# [Task requirements]
Write out every entry below exactly as it appears. Pictures do not belong in the copy.

# [Extracted information]
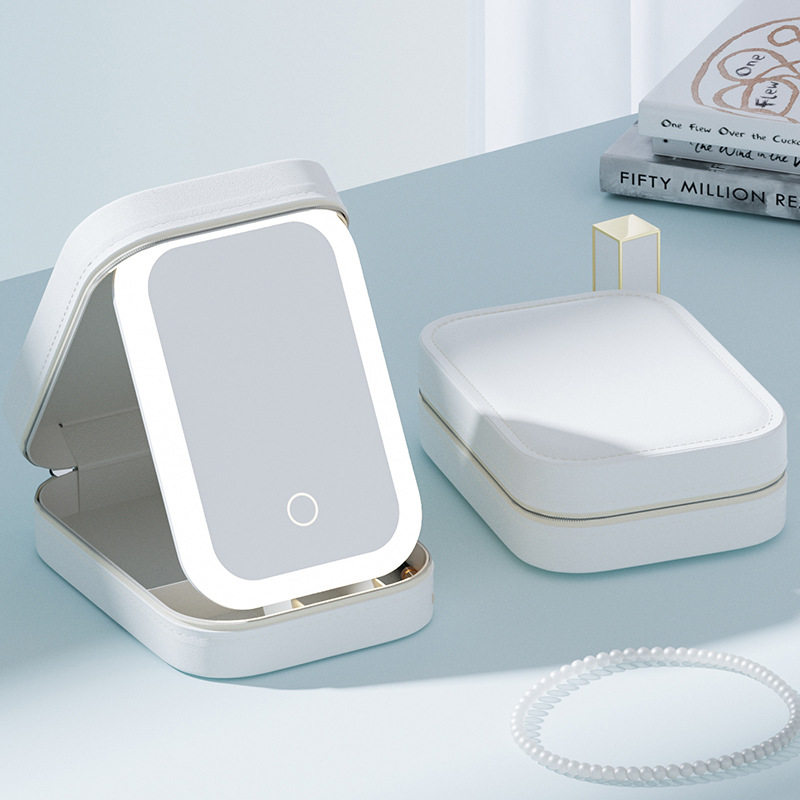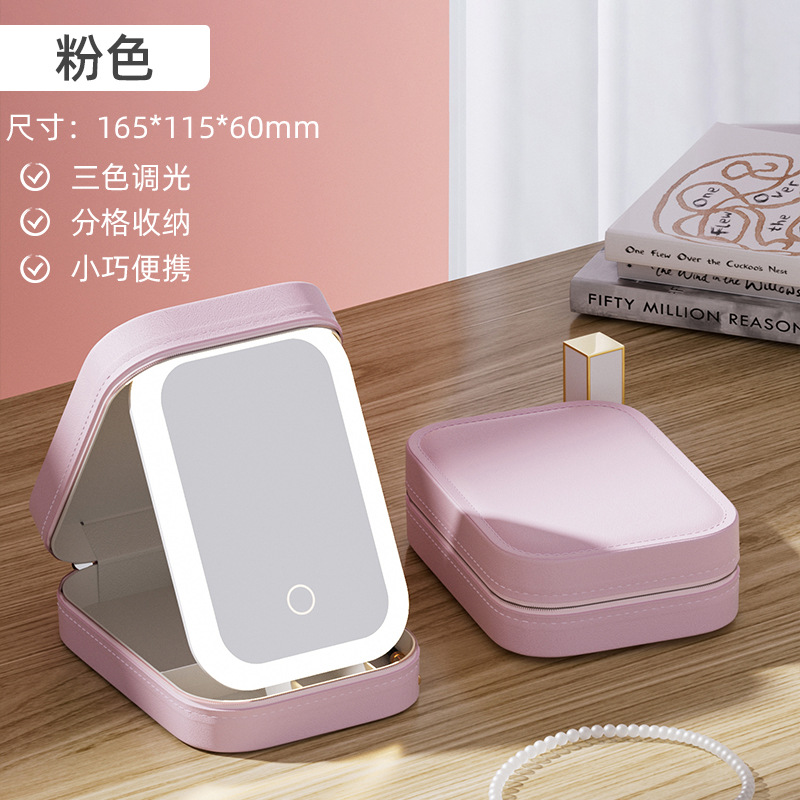 跨境多功能带灯镜子收纳盒双层便携女家用宿舍首饰盒子折叠收纳包
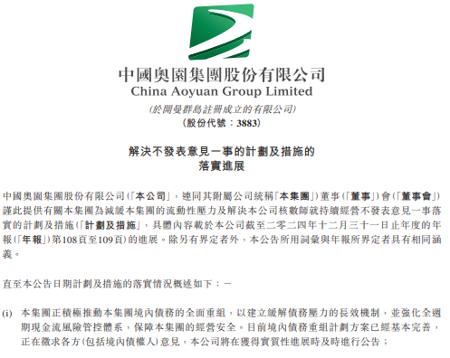 2025年7月4日,奥园集团发公告称,集团正积极推动本集团境内债务的全面重组,以建立缓解债务压力的长效机制,并强化全周期现金流风险管控体系,保障本集团的经营安全。目前境内债务重组计划方案已经基本完善,正在征求各方包括境内债权人意见,公司将在获得实质性进展时及时进行公告。
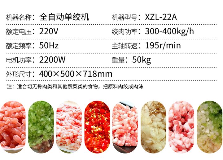名稱XZL-22A絞肉機(jī) 電源220V 功率2.2kw 產(chǎn)量300-400kg/h 尺寸400×500×718mm 重量50kg 規(guī)格 其他
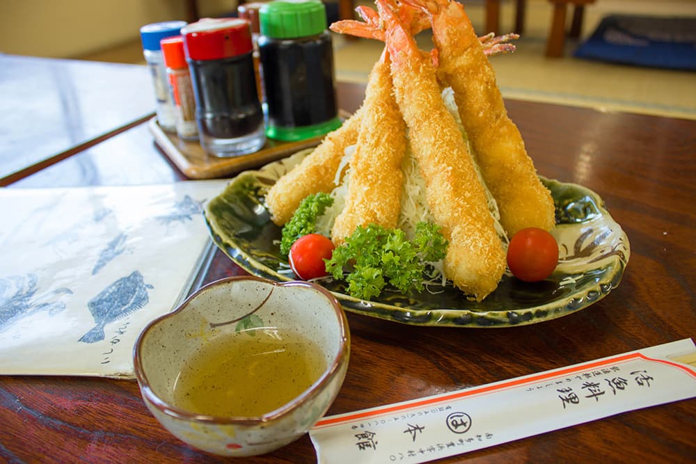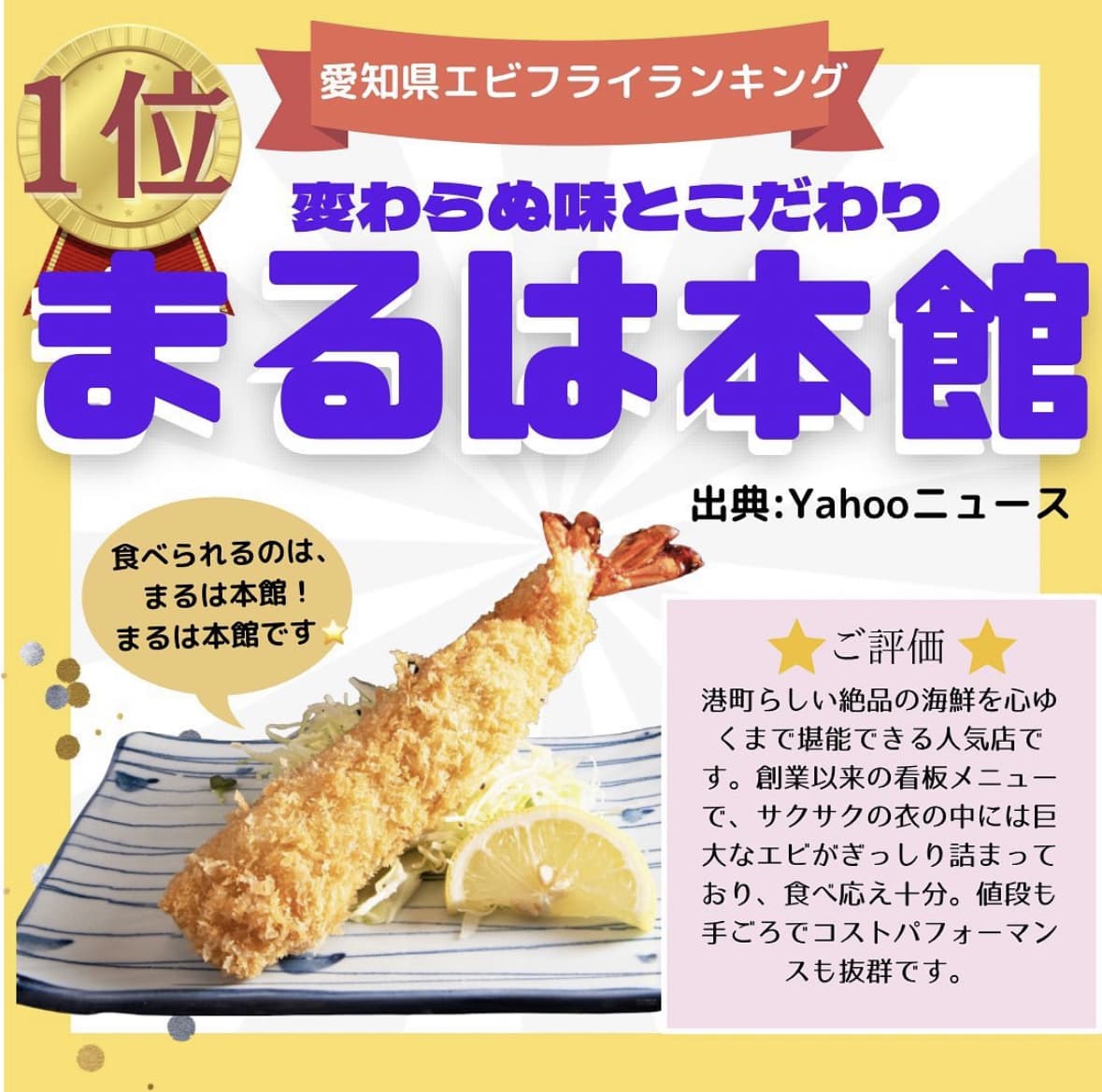まるは本館のエビフライは、他の店とは違う味付けが魅力です。
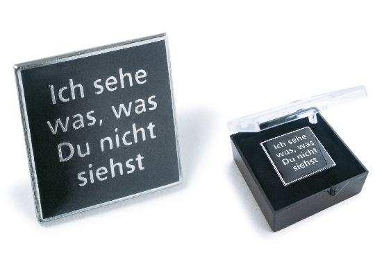 schwarz-silberfarbene Emailbrosche, ca. 2,5 x 2,5 cm, in Schmuck-Box, Signatur geprägt, Neuauflage 2020, 12,50 Euro
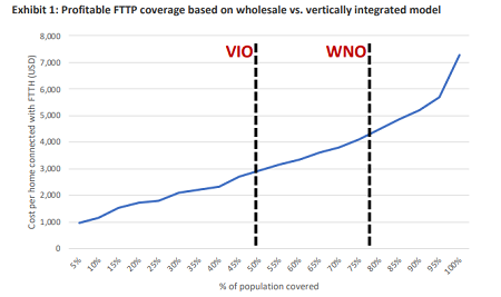 - Our analysis shows that a WNO [Wholesale] based model could cover close to 80% of US households with fiber to the premises whereas a VIO [Vertical] model could only reach 50% profitably
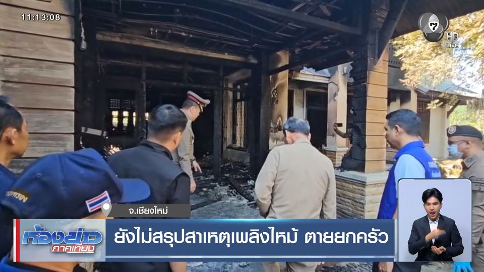 ห้องข่าวภาคเที่ยง - เหตุเพลิงไหม้สลดที่เชียงใหม่ ที่มีผู้เสียชีวิตถึง 5 คน ล่าสุดผู้ว่าฯ สั่งปิดพื้นที่ จนกว่าจะตรวจสอบเสร็จ ส่วนญาติเตรียมรับศพ ทำพิธีทางศาสนา
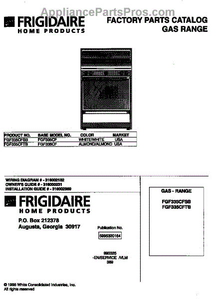 Parts for Frigidaire FGF335CFTB: 01 - Cover Parts

# [Exercise output]
 跨境多功能带灯镜子收纳盒双层便携女家用宿舍首饰盒子折叠收纳包
 2025年7月4日,奥园集团发公告称,集团正积极推动本集团境内债务的全面重组,以建立缓解债务压力的长效机制,并强化全周期现金流风险管控体系,保障本集团的经营安全。目前境内债务重组计划方案已经基本完善,正在征求各方包括境内债权人意见,公司将在获得实质性进展时及时进行公告。
名稱XZL-22A絞肉機(jī) 電源220V 功率2.2kw 產(chǎn)量300-400kg/h 尺寸400×500×718mm 重量50kg 規(guī)格 其他
まるは本館のエビフライは、他の店とは違う味付けが魅力です。
 schwarz-silberfarbene Emailbrosche, ca. 2,5 x 2,5 cm, in Schmuck-Box, Signatur geprägt, Neuauflage 2020, 12,50 Euro
 - Our analysis shows that a WNO [Wholesale] based model could cover close to 80% of US households with fiber to the premises whereas a VIO [Vertical] model could only reach 50% profitably
 ห้องข่าวภาคเที่ยง - เหตุเพลิงไหม้สลดที่เชียงใหม่ ที่มีผู้เสียชีวิตถึง 5 คน ล่าสุดผู้ว่าฯ สั่งปิดพื้นที่ จนกว่าจะตรวจสอบเสร็จ ส่วนญาติเตรียมรับศพ ทำพิธีทางศาสนา
 Parts for Frigidaire FGF335CFTB: 01 - Cover Parts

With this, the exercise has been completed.